What you will do →
In the listing below, locate the line containing "15Rep Fitness Hex" and copy it and every line after it through the end, exactly as written, leaving out any pictures.

--- Material provided Enclosed Below ---

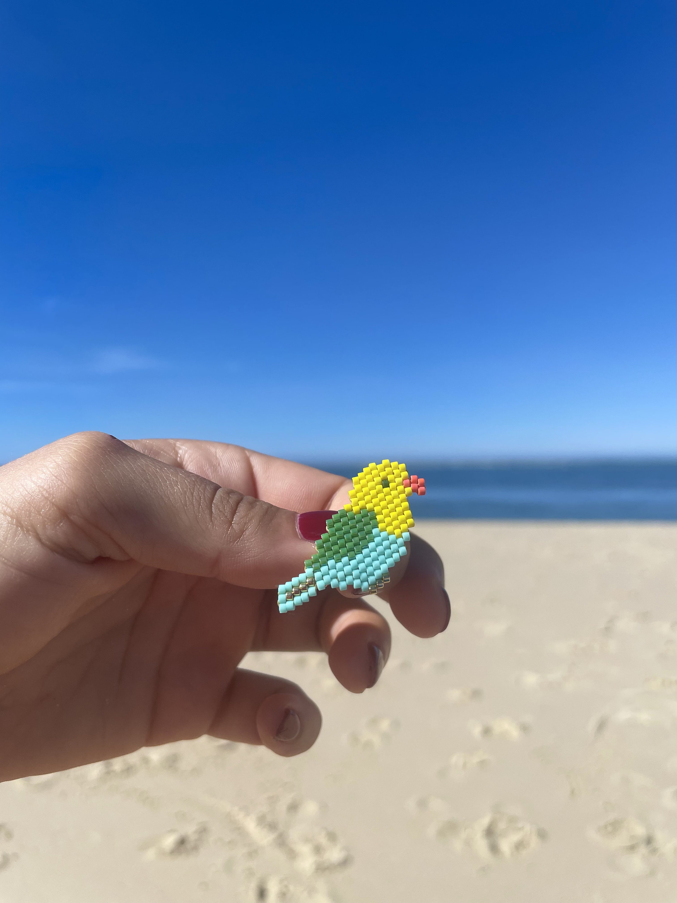 Hand-woven using the brickstitch or peyote technique, bead by bead.
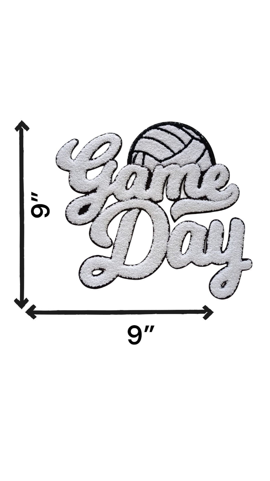 Game Day - Volleyball Patch - Iron On -White Chenille Patch, chenille letters, olletball team mom sweatshirt, game day sweatshirt 9”
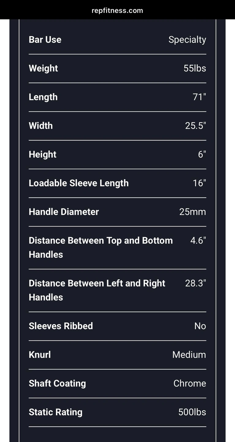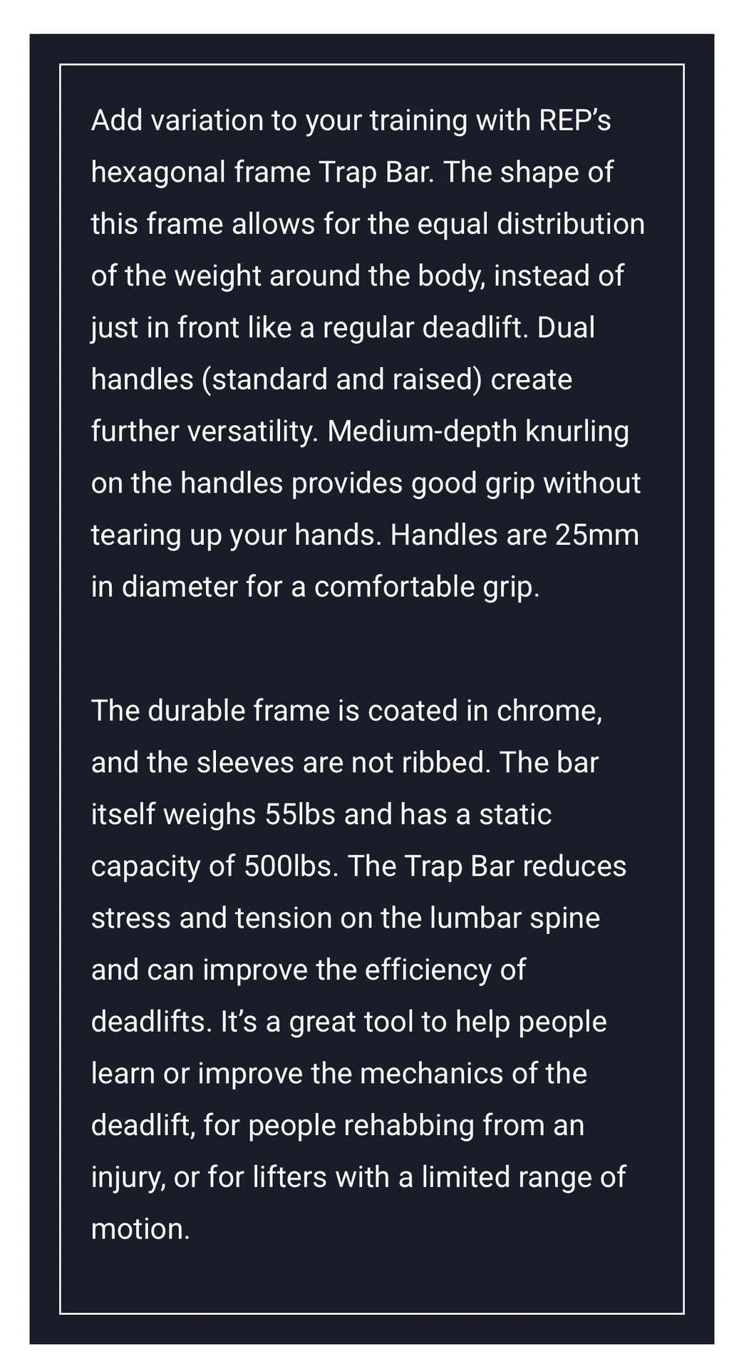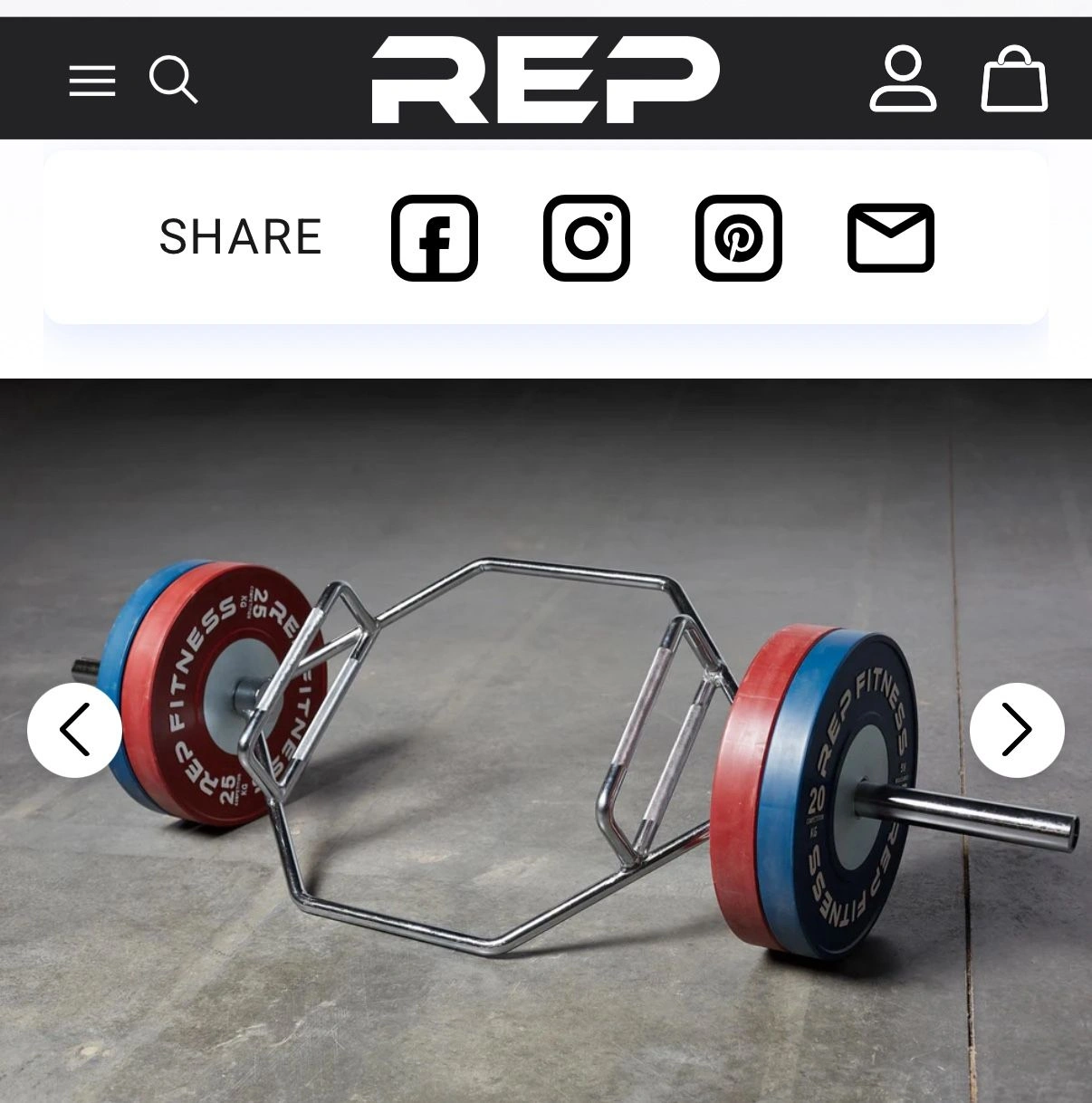15Rep Fitness Hex Bar in Pristine condition. Not a crappy Amazon/Walmart bar. This bar is capable of heavy loads and will not bend or snap on you. This bar has 16” sleeves and can handle more weight. Most normal trap bars have short sleeves. This one can handle more bumpers. Type: Olympic Brand: Rep Fitness
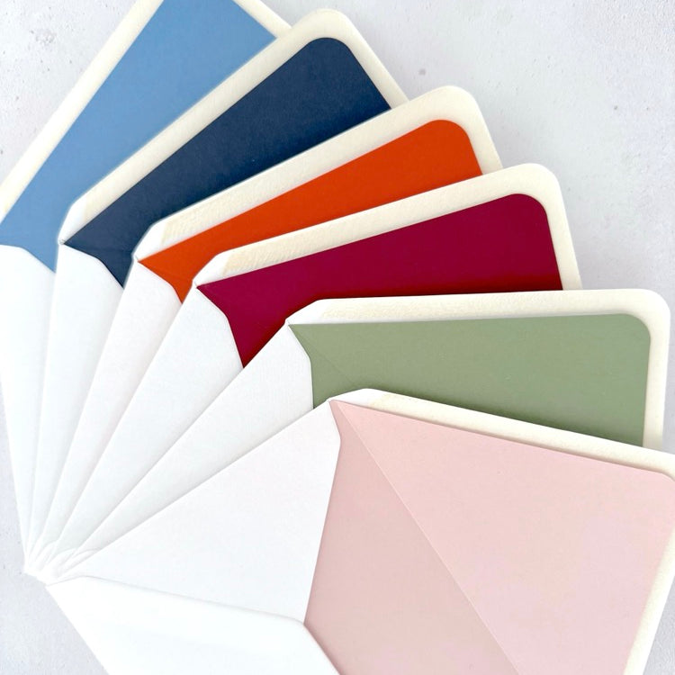 All invites come with a white envelope, but you can add different finishing touches, like vellum wraps, wax seals, and silk or satin ribbons, to customise your look.

--- End of Enclosed Material provided ---

Written solution →
15Rep Fitness Hex Bar in Pristine condition. Not a crappy Amazon/Walmart bar. This bar is capable of heavy loads and will not bend or snap on you. This bar has 16” sleeves and can handle more weight. Most normal trap bars have short sleeves. This one can handle more bumpers. Type: Olympic Brand: Rep Fitness
 All invites come with a white envelope, but you can add different finishing touches, like vellum wraps, wax seals, and silk or satin ribbons, to customise your look.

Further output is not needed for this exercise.